Luego de leída la sentencia, impasible en su actitud, tomó la palabra y dijo: “Yo era una reina y tú me quitaste mi corona. Mataste a mi esposo y me has privado de mis hijos. Solo me queda mi sangre: tómala, pero no me hagas sufrir más tiempo”. La condena se cumplió unas horas después.

La última carta de María Antonieta

No le permitieron despedirse de sus hijos ni de nadie. María Antonieta se encaminó hacia su muerte enferma y en soledad. En sus últimas horas, le escribió una carta a su cuñada, Madame Isabel: “Me acaban de condenar, no a una muerte honrosa, que solo lo es tal para los criminales, sino a que me reúna con vuestro hermano, el rey. Al igual que él, soy inocente, y espero poder mostrar la misma firmeza que él en los últimos instantes. Me siento tranquila como cuando la conciencia nada puede reprochar. Me embarga un profundo pesar por tener que abandonar a mis pobre criaturas”. La carta fue interceptada y nunca llegó a destino. En cambio, fue entregada a Robespierre y estuvo desaparecida hasta 1816, cuando salió a la luz con motivo de la restauración borbónica en Francia con Luis XVIII.

Antes de cumplir con el veredicto final, a María Antonieta le cortaron el pelo. Cuentan que su verdugo, Henri Sanson, hijo de quien había ejecutado a su esposo, se guardó algunos mechones. Una vez preparada con un vestido blanco –que era el color tradicional de las reinas viudas en Francia-, fue trasladada en un carro junto con el encargado de accionar la guillotina y acompañada también por un sacerdote designado por el Tribunal Revolucionario.
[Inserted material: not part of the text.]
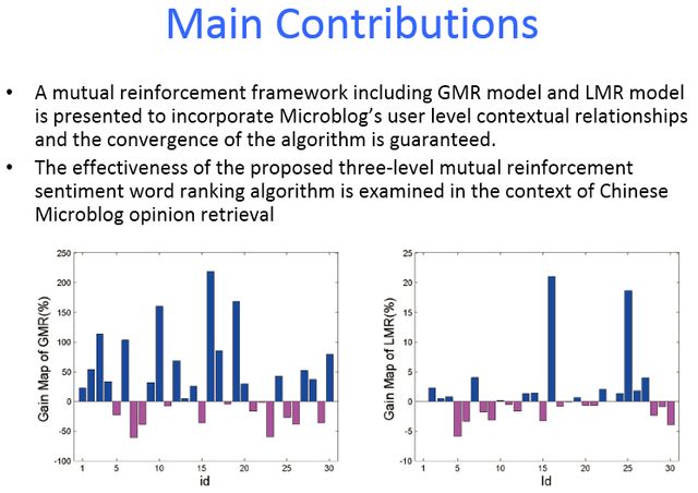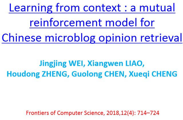 现有观点检索模型缺乏对微博中上下文语境进行有效利用。为此,提出了一种基于相互增强模型的中文微博观点检索方法。首先,构建了一个统一的三层异质图框架,有效地整合了用户社交上下文语境关系:“用户-用户”的用户间交互关系和“用户-博文/评论”的用户内部关系;然后,根据不同层次之间的相互增强关系在异质图上进行随机游走,从而为网络观点词进行赋权;最后,把所获得的观点词权重应用于观点检索模型进行验证。实验结果表明了本文所提出的方法的可行性和有效性,同时本文从理论上证明了该方法的收敛性。

La reina no quiso confesarse porque no le permitieron elegir a un cura de su confianza.

Una multitud enardecida

María Antonieta recorrió lentamente y por última vez las calles de París con las manos atadas a la espalda y rodeada de un ejército de 30 mil soldados que formaron una barrera a lo largo del camino que la separaba de la plaza de la Revolución (actual plaza de la Concorde).

Un mar ondulante de gente la esperaba allí. Nadie quería perderse el espectáculo de la muerte de la reina más odiada por el pueblo. Era el mediodía y la plaza hervía en un otoño naciente. Con el recuerdo de la vida liviana y amable que había llevado en otros tiempos, María Antonieta bajó del carro con la frente en alto y la convicción, tal como le había escrito a su cuñada, de que iba a encontrarse con su esposo.

Unos 10 mil curiosos contemplaron cómo la reina pisó, sin querer, a su verdugo y pronunció las que serían sus últimas palabras: “Señor, le pido perdón, no lo hice a propósito”. A diferencia de Luis XVI, no pronunció ningún discurso antes de morir. A las 12 y cuarto, la guillotina cortó la cabeza de la reina de una sola vez. El verdugo la levantó para mostrarla a la multitud hambrienta de sangre que gritó: “¡Viva la República!”.